(Requirement): The data below should be retyped exactly, with the pictures left out.

(Supplied material):
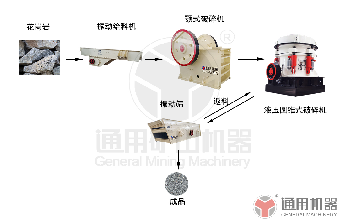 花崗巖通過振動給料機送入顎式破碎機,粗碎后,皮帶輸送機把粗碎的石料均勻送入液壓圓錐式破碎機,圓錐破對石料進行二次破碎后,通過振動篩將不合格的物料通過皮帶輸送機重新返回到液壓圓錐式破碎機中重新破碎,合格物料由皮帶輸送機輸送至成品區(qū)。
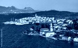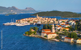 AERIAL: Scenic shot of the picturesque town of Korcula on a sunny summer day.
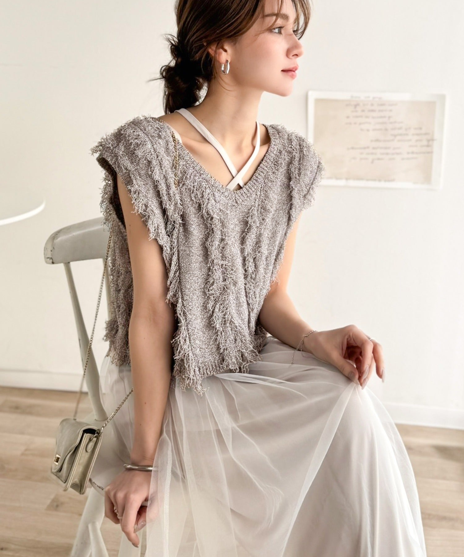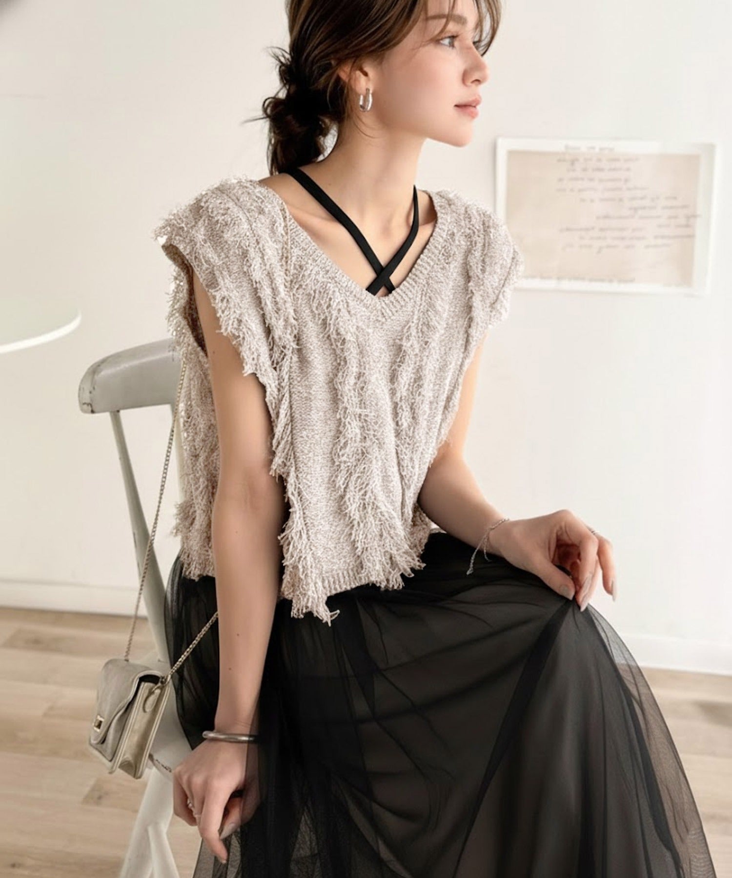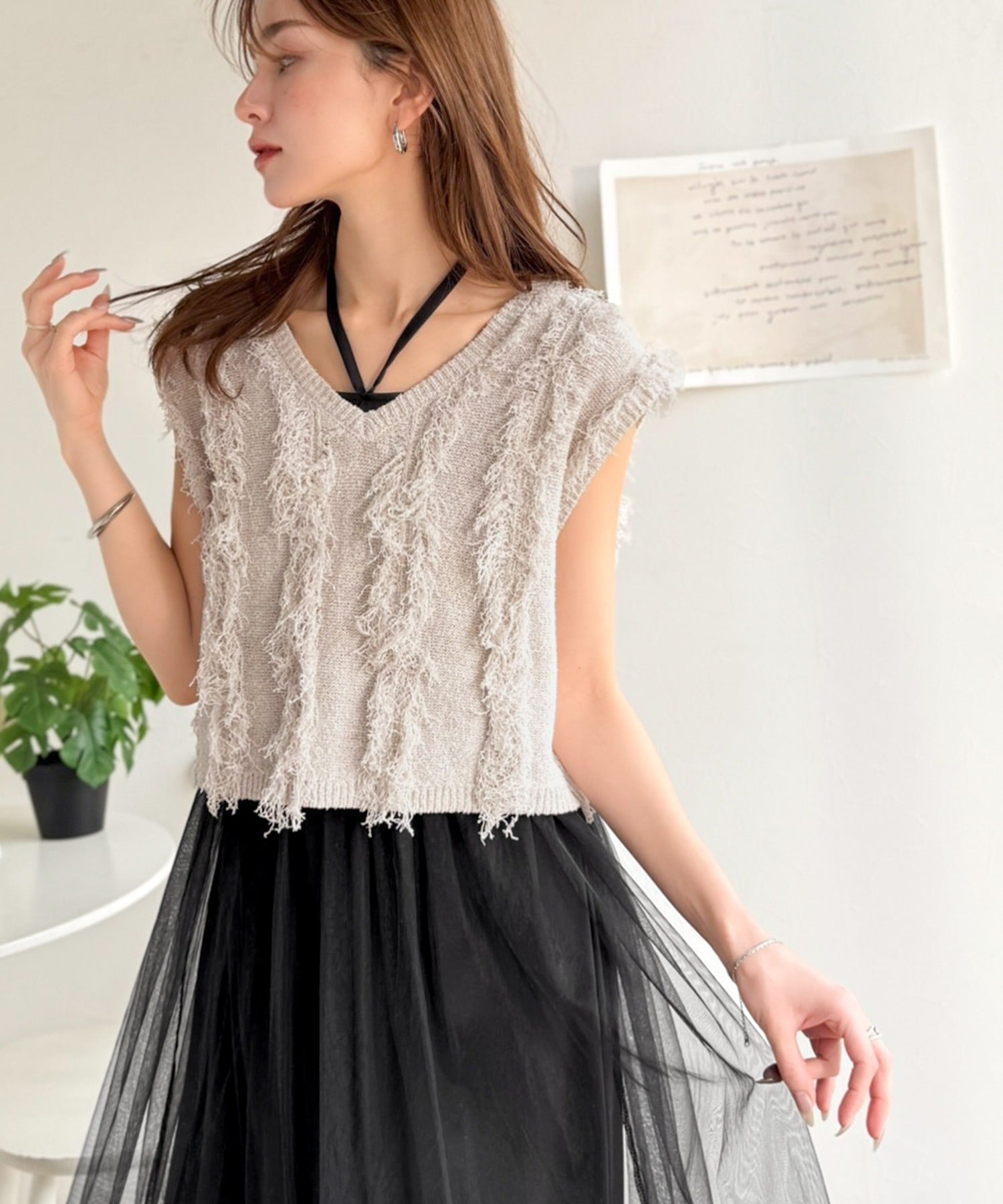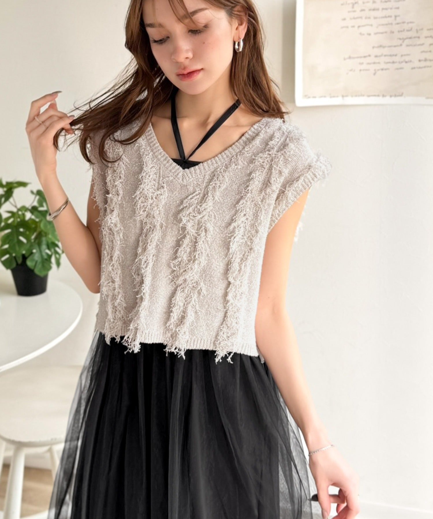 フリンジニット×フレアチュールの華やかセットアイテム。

(Response below):
 花崗巖通過振動給料機送入顎式破碎機,粗碎后,皮帶輸送機把粗碎的石料均勻送入液壓圓錐式破碎機,圓錐破對石料進行二次破碎后,通過振動篩將不合格的物料通過皮帶輸送機重新返回到液壓圓錐式破碎機中重新破碎,合格物料由皮帶輸送機輸送至成品區(qū)。
 AERIAL: Scenic shot of the picturesque town of Korcula on a sunny summer day.
 フリンジニット×フレアチュールの華やかセットアイテム。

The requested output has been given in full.